I almost passed over this story from the BBC about China’s government complaining about a United States State Department human rights report.[1] I don’t mean to sound old, but I’ve only seen something like this story several dozen times over a few dozen years, in which the U.S. criticizes the human rights record of other countries and other countries tell the U.S. to mind its own business.

It is worth noting that China has half a point. On behalf of his government, Foreign Ministry spokesman Hong Lei “advise[d] the US side to reflect on its own human rights issues and not to position itself as a preacher of human rights.”[2]

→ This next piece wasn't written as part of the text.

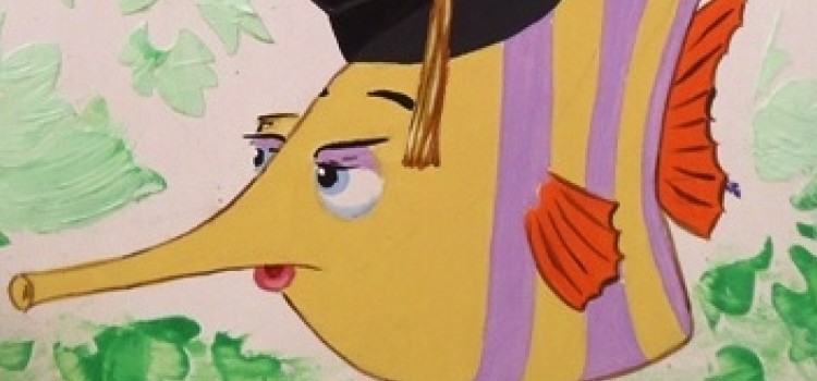 cuerpo: acrílico color lirio; cola y aletas: rayadas en violeta y naranja luego aclarar el naranja con blanco y dar luces en el borde; ojos: blanco y negro. Luego hacer media carga con violeta alrededor del cuerpo Con liner y negro aguado, hacer las cejas y la boca; luego delinear todos lo bordes.

Such a reflection is long overdue. For starters, we should recognize the full complement of rights offered in the United Nations Universal Declaration of Human Rights, which by virtue of the supremacy of treaties in Article VI of the U.S. Constitution and the recognition of unenumerated rights in the Ninth Amendment should have full legal force in the United States but which are largely ignored or suppressed. Having been unemployed for nearly two years, with no unemployment insurance, I’m particularly fond of Article 23[3]:

  • (1) Everyone has the right to work, to free choice of employment, to just and favourable conditions of work and to protection against unemployment.
  • (2) Everyone, without any discrimination, has the right to equal pay for equal work.
  • (3) Everyone who works has the right to just and favourable remuneration ensuring for himself and his family an existence worthy of human dignity, and supplemented, if necessary, by other means of social protection.
  • (4) Everyone has the right to form and to join trade unions for the protection of his interests.

And as poverty increases[4] and the U.S. social safety net is further eroded,[5] Article 25 is also worth pointing out[6]:

  • (1) Everyone has the right to a standard of living adequate for the health and well-being of himself and of his family, including food, clothing, housing and medical care and necessary social services, and the right to security in the event of unemployment, sickness, disability, widowhood, old age or other lack of livelihood in circumstances beyond his control.
  • (2) Motherhood and childhood are entitled to special care and assistance. All children, whether born in or out of wedlock, shall enjoy the same social protection.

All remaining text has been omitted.